§ **Data below**:
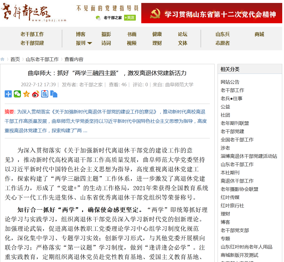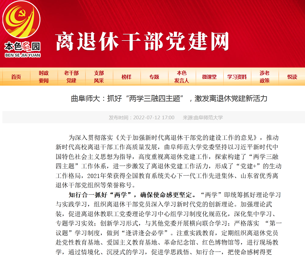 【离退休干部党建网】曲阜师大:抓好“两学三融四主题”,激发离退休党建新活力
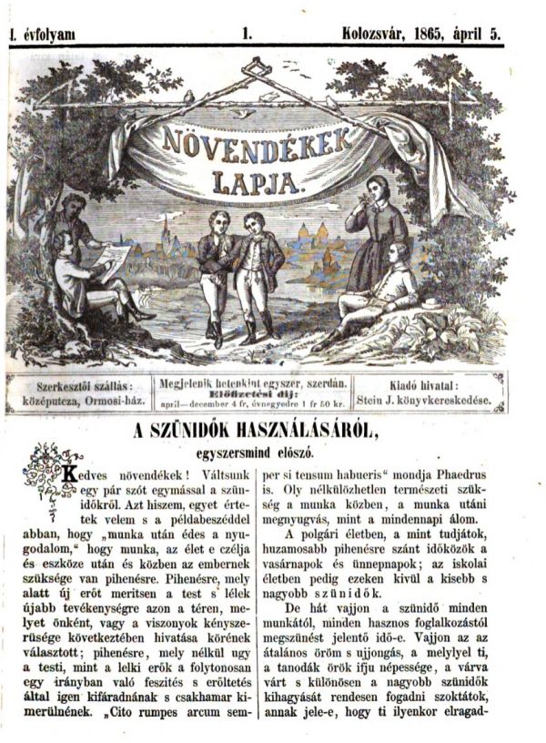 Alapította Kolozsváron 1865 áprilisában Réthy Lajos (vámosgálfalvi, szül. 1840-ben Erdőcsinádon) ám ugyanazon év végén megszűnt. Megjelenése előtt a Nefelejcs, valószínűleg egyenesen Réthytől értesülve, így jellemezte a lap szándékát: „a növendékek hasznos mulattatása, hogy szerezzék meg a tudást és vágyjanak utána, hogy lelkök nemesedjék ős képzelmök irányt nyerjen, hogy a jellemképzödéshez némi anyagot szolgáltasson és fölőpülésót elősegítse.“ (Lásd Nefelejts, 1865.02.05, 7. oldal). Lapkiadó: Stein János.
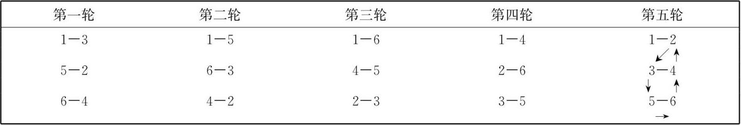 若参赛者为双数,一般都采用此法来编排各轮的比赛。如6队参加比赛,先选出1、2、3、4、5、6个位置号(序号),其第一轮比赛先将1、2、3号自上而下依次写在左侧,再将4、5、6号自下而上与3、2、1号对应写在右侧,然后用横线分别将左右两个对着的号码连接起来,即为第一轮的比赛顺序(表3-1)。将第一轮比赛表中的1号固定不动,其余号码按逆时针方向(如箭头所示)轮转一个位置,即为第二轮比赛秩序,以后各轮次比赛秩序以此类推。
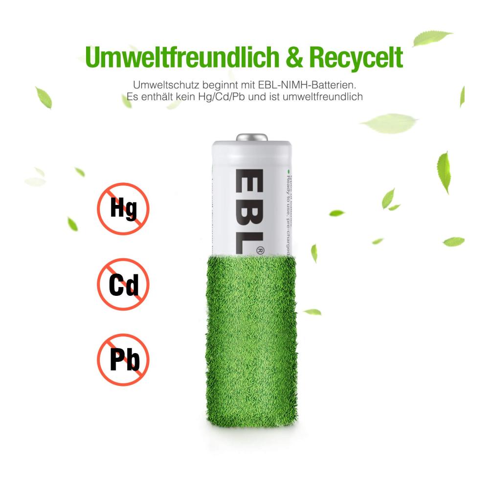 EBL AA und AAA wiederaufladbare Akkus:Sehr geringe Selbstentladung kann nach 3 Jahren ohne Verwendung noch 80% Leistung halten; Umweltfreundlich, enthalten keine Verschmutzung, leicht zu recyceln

§ **Work instruction**:
Only an exact copy is needed: the lines from the opening of the listing through the line with "Alapította Kolozsváron 1865", both included, minus the pictures.

§ **The answer**:
 【离退休干部党建网】曲阜师大:抓好“两学三融四主题”,激发离退休党建新活力
 Alapította Kolozsváron 1865 áprilisában Réthy Lajos (vámosgálfalvi, szül. 1840-ben Erdőcsinádon) ám ugyanazon év végén megszűnt. Megjelenése előtt a Nefelejcs, valószínűleg egyenesen Réthytől értesülve, így jellemezte a lap szándékát: „a növendékek hasznos mulattatása, hogy szerezzék meg a tudást és vágyjanak utána, hogy lelkök nemesedjék ős képzelmök irányt nyerjen, hogy a jellemképzödéshez némi anyagot szolgáltasson és fölőpülésót elősegítse.“ (Lásd Nefelejts, 1865.02.05, 7. oldal). Lapkiadó: Stein János.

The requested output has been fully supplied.